Updates to already uploaded messages are not permitted, but messages may be revoked by deleting them using the delete request.

Delete

The delete request removes the message with id MESSAGE_ID from the mail agent and makes it unavailable from reading by readers, even if they have been previously notified by a notification.

HTTPS DELETE /home/HOST_PART/LOCAL_PART/messages/MESSAGE_ID

Response status HTTP 200 OK indicates the message has been permanently removed from the mail agent.

Profile

User profile is stored and served as a simple textual file on the mail agent.

Management of profile contents is left entirely to mail clients. The mail agent should however refuse to update a profile with invalid, incomplete or oversized content.

Update

HTTPS PUT /home/HOST_PART/LOCAL_PART/profile

Profile Image

Update

User profile image is stored and served as an image file on the mail agent, without any image conversions. The mail agent should refuse to update a profile image with invalid or oversized content.

HTTPS PUT /home/HOST_PART/LOCAL_PART/image

Delete

The profile image may be removed, in which case a placeholder can be served by email clients directly.

HTTPS DELETE /home/HOST_PART/LOCAL_PART/image

Links

Links or connection identifiers are stored on mail agents:

• to synchronize contacts among connecting clients

• to enforce notification restrictions

• to support contact discovery

List

The list call retrieves all user's connection identifiers, which implies all user contacts.

HTTPS GET /home/HOST_PART/LOCAL_PART/links

The response consists of a list where each entry is on a new line. Each entry contains two values separated by a comma: a link and the encrypted data of the contact.
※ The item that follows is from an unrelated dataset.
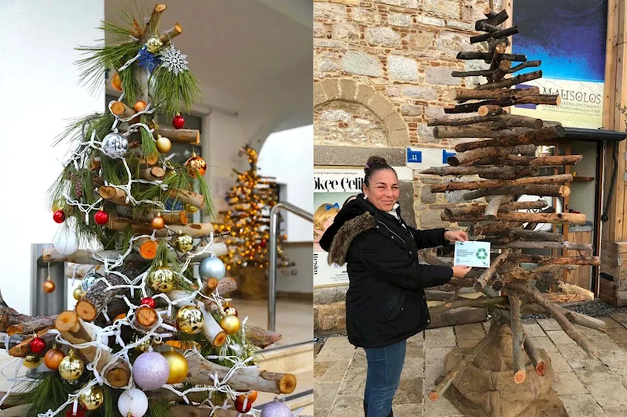 MUĞLA'nın Bodrum Belediyesi, geri dönüşüm malzemelerinden hazırladığı yılbaşı ağaçlarıyla çevre dostu bir çalışma gerçekleştirdi. Bodrum Belediyesi Park ve Bahçeler Müdürlüğü, yılbaşı süslemeleri için ağaç budama çalışmalarından arta kalan odun ve dalları geri dönüşümle değerlendirdi. Hazırlanan yılbaşı ağaçları, belediyenin çeşitli birimlerine yerleştirilerek süslendi. Projeye ilişkin açıklamalarda bulunan Bodrum Belediye Başkanı Tamer Mandalinci, “Park ve Bahçeler Müdürlüğümüzün bu çalışmasıyla, yeni yıl süslemelerine geri dönüşümle katkı sağladık. Budama çalışmalarından çıkan parçaları atmak yerine değerlendirerek yılbaşı ağaçları oluşturduk ve birimlerimize dağıttık. Böylece hem atıkları değerlendirmiş olduk hem de yılbaşı süslemelerinde farklı bir yaklaşım sergiledik. Ayrıca saha çalışmasında karşılaştığımız kurumuş bir ağacı da beyaza boyadık, üzerine nazar boncuklarıyla süslemeler yaptık ve belediye binamızın önüne yerleştirdik” ifadelerini kullandı.

The encrypted data contains attributes as key-value pairs, separated by semicolons with possible attributes:

• address: required attribute containing the email address of the link.
• broadcasts: optional attribute representing user setting whether link broadcasts are fetched. Possible values are Yes (default) and No. If not present, the attribute assumes its default value.

Store

The store call saves the connection identifier link (LINK) on the mail agent of the authenticating user. The request body contains encrypted email address or attributes data of the respective link contact.

The assumed encryption method is anonymous asymmetric encryption. However, users can configure a different method in their email clients, provided that all of their clients use the same encryption scheme.

HTTPS PUT /home/HOST_PART/LOCAL_PART/links/LINK

Response status HTTP 200 OK indicates the link was successfully stored on the mail agent.

Delete

The delete call removes the given connection identifier LINK of the authenticating user.

HTTPS DELETE /home/HOST_PART/LOCAL_PART/links/LINK

Response status HTTP 200 OK indicates the link has been permanently removed from the mail agent.